Construction began in 1834 and was not finished until 1836. Large parts of the castle moat from the founding time were filled in.
The head forester moved to the ground floor of the castle, while the upper floor was reserved for "high and highest".
During this time the castle got its current appearance.
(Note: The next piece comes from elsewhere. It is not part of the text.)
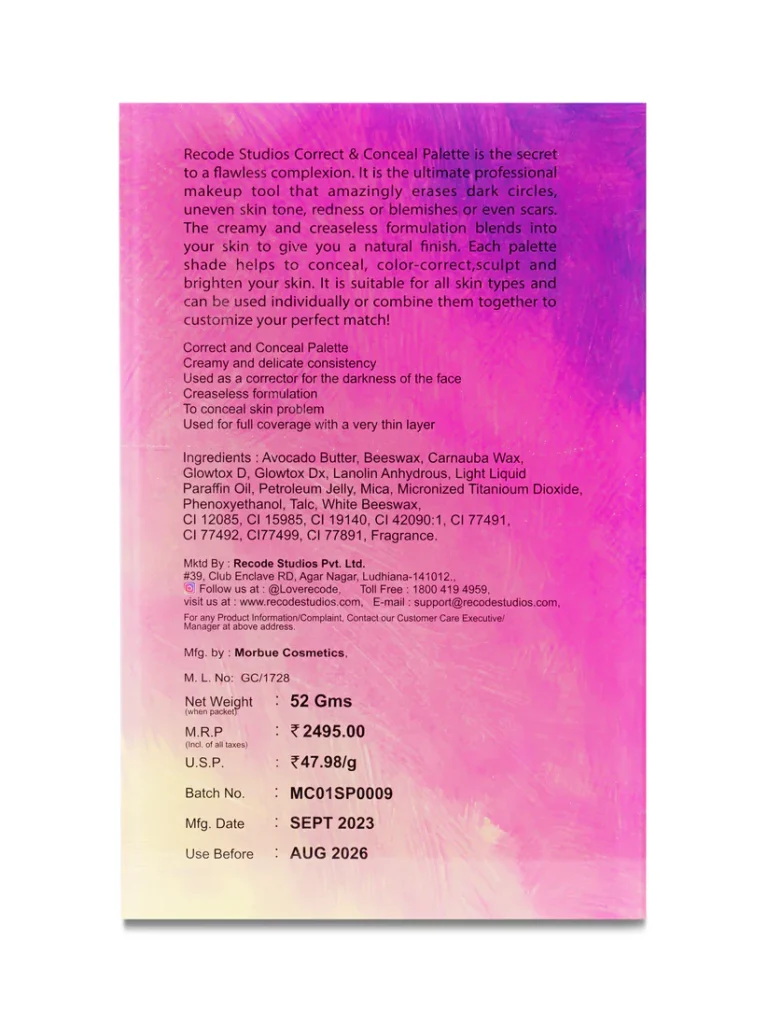 Recode Studios Correct & Conceal Palette is the secret to a flawless complexion. It is the ultimate professional makeup tool that amazingly erases dark circles, uneven skin tone, redness or blemishes, or even scars. The creamy and creaseless formulation blends into your skin to give you a natural finish.

In 1844 and 1845 the king lived here during a hunting stay, later also hunting guests of the king and Crown Prince Wilhelm, later Kaiser Wilhelm II (* 1859, reigned 1888-1918, +1941).
After the fall of the Wall, in the early 1990s, the Association of Nature and Home Friends eV had the castle completely renovated with its own funds and funds from the Upswing East Fund . Thereby u. a. the interiors were restored to their previous size and the building has been used as the Schorfheide Museum ever since. In September 2006, on behalf of the community of Schorfheide, extensive maintenance work began on the half-timbered barn so that it could be used for exhibition purposes. Pencil drawings etc. were found on several wooden structures. a. The forest apprentice Wendeborn was immortalized here, who died on September 14, 1891 while straightening the roof structure.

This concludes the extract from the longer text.